» **Action item**: Copy each line of the records below that mentions the word "great".

» **Data for review**:
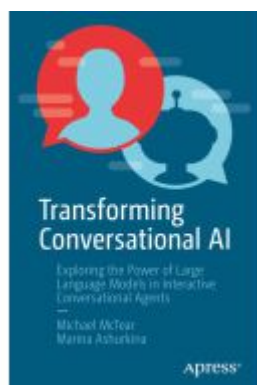
Transforming Conversational AI Ladenpreis: 49,49EUR
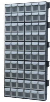
S0353 Parts Storage Bin System
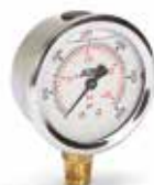
Pressure Gauge PN 6089 0–6,000 psi
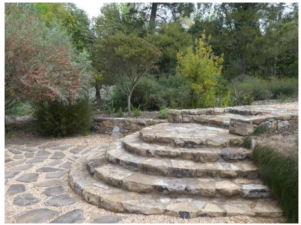
A great change of level, with sympathetic use of local rock

Ben and Ros have learned a great deal about the Red Hill property in the last 16 years. They say their garden is a living, changing artwork. The variety of shapes and textures that the garden presents is very pleasing, but as with all gardens, it is never finished. In general, very few plants have been lost to cold and frost. The majority of plant losses occurred during January and February, not because of the lack of water, but they expect excessive heat. Of course, plants die, or they grow too big (they haven't read the label), or they don't appreciate our conditions, so don't grow well, if at all, so they get moved, or removed.
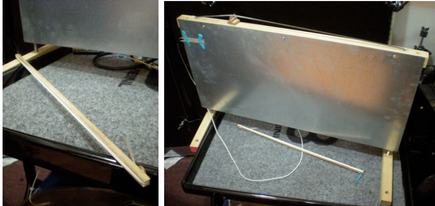
Fig. 1 Bowstick and Spring Instrument.
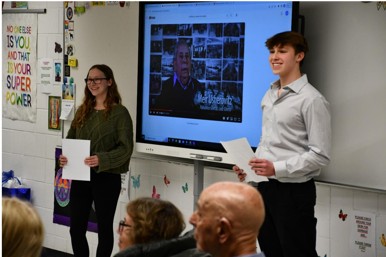
JFKHS student documentarians and recently certified 3G students presented their work on the documentary, "Names Not Numbers".
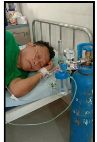
Covid Patient Oxygen Relief
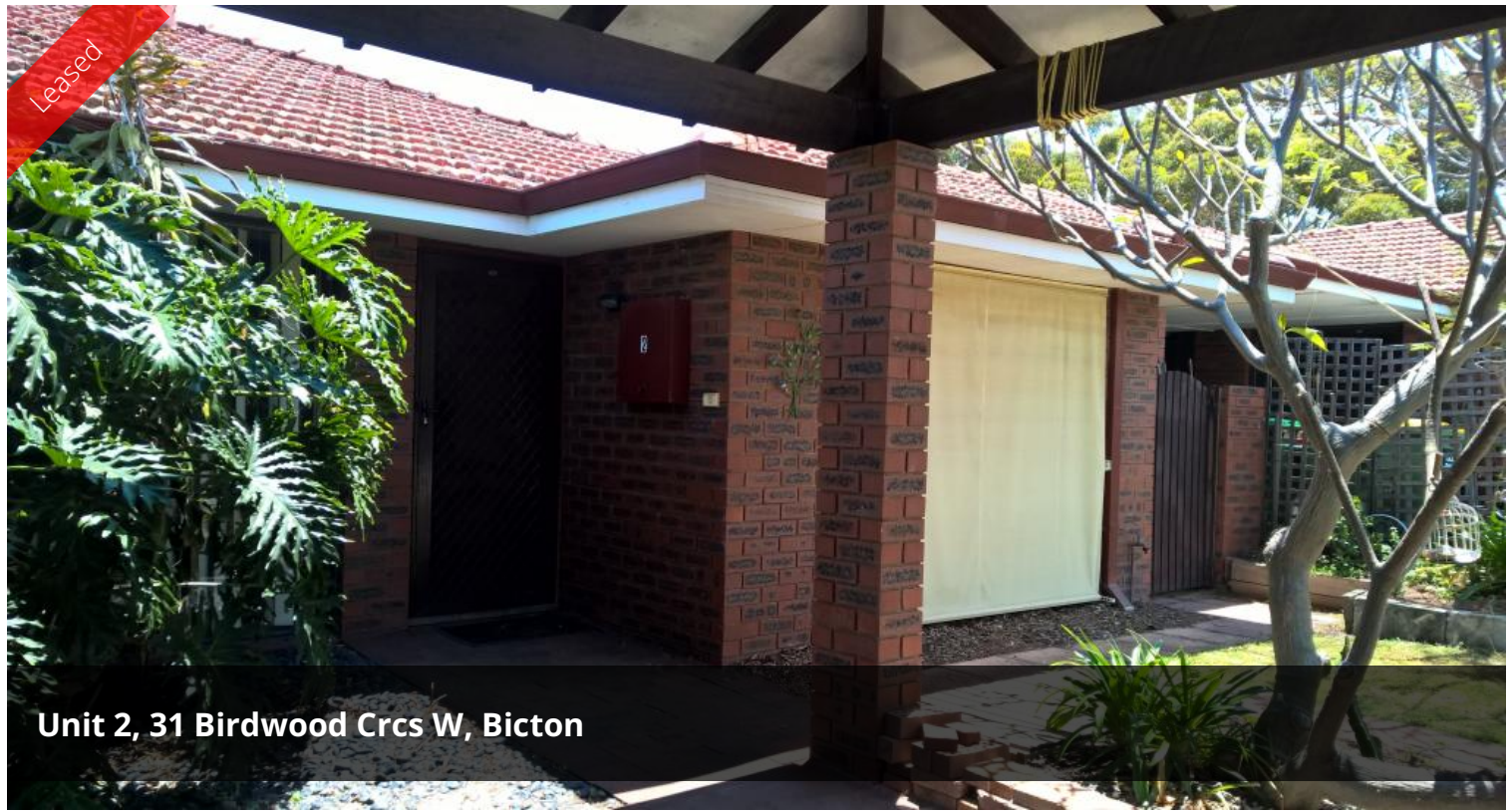
Unit 2, 31 Birdwood Cres W, Bicton
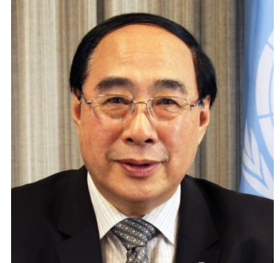
H.E. Mr. Wu Hongbo

70th President of the United Nations Economic and Social Council
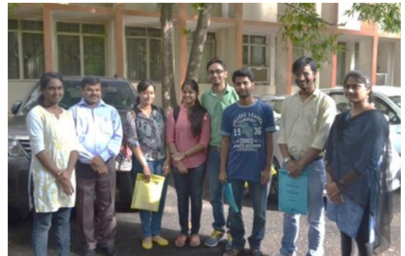
Students from TISS with CSIE staff
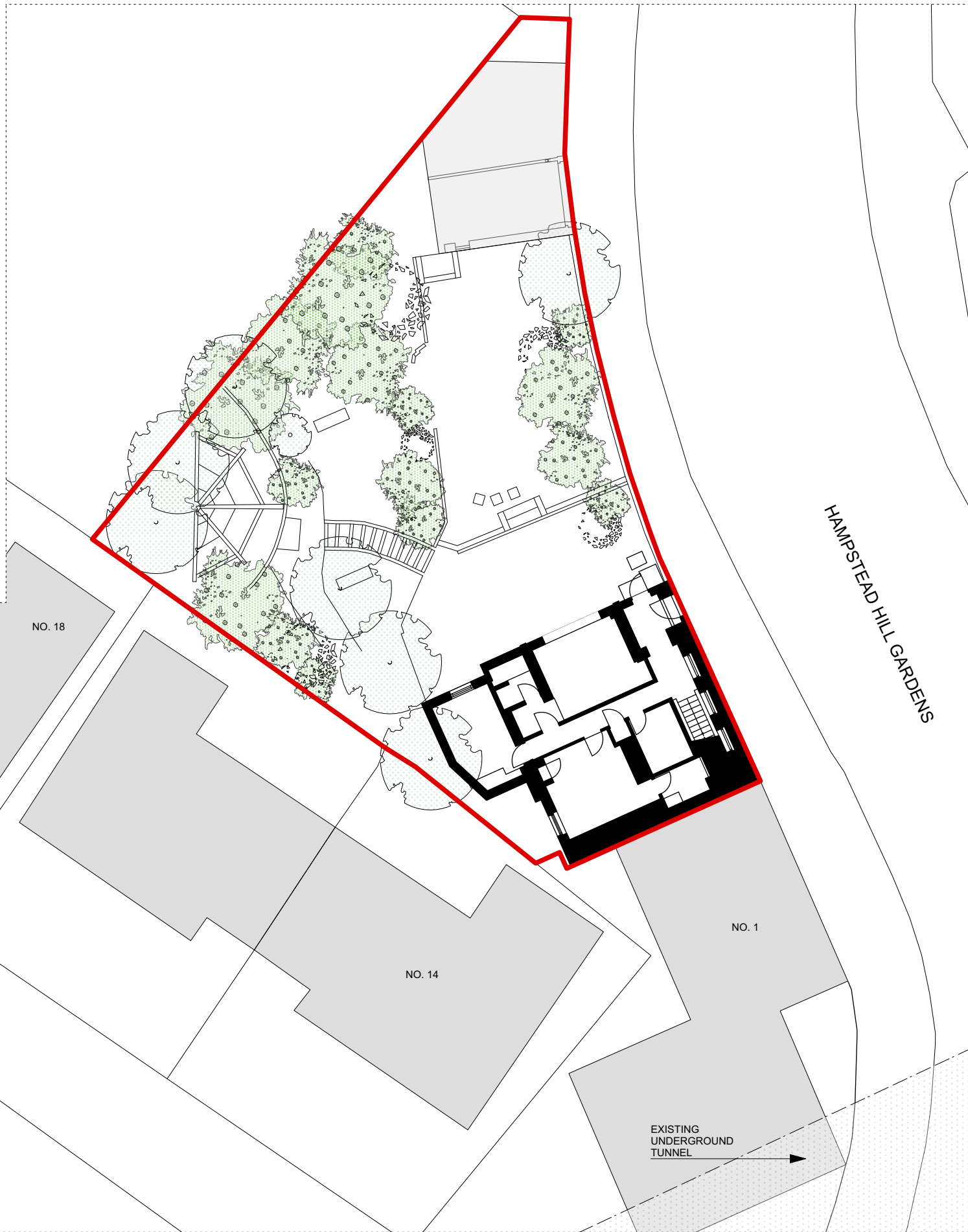
0 2 4 6 8 METRES EXISTING SITE PLAN @ 1:200

» **Result**:
A great change of level, with sympathetic use of local rock
Ben and Ros have learned a great deal about the Red Hill property in the last 16 years. They say their garden is a living, changing artwork. The variety of shapes and textures that the garden presents is very pleasing, but as with all gardens, it is never finished. In general, very few plants have been lost to cold and frost. The majority of plant losses occurred during January and February, not because of the lack of water, but they expect excessive heat. Of course, plants die, or they grow too big (they haven't read the label), or they don't appreciate our conditions, so don't grow well, if at all, so they get moved, or removed.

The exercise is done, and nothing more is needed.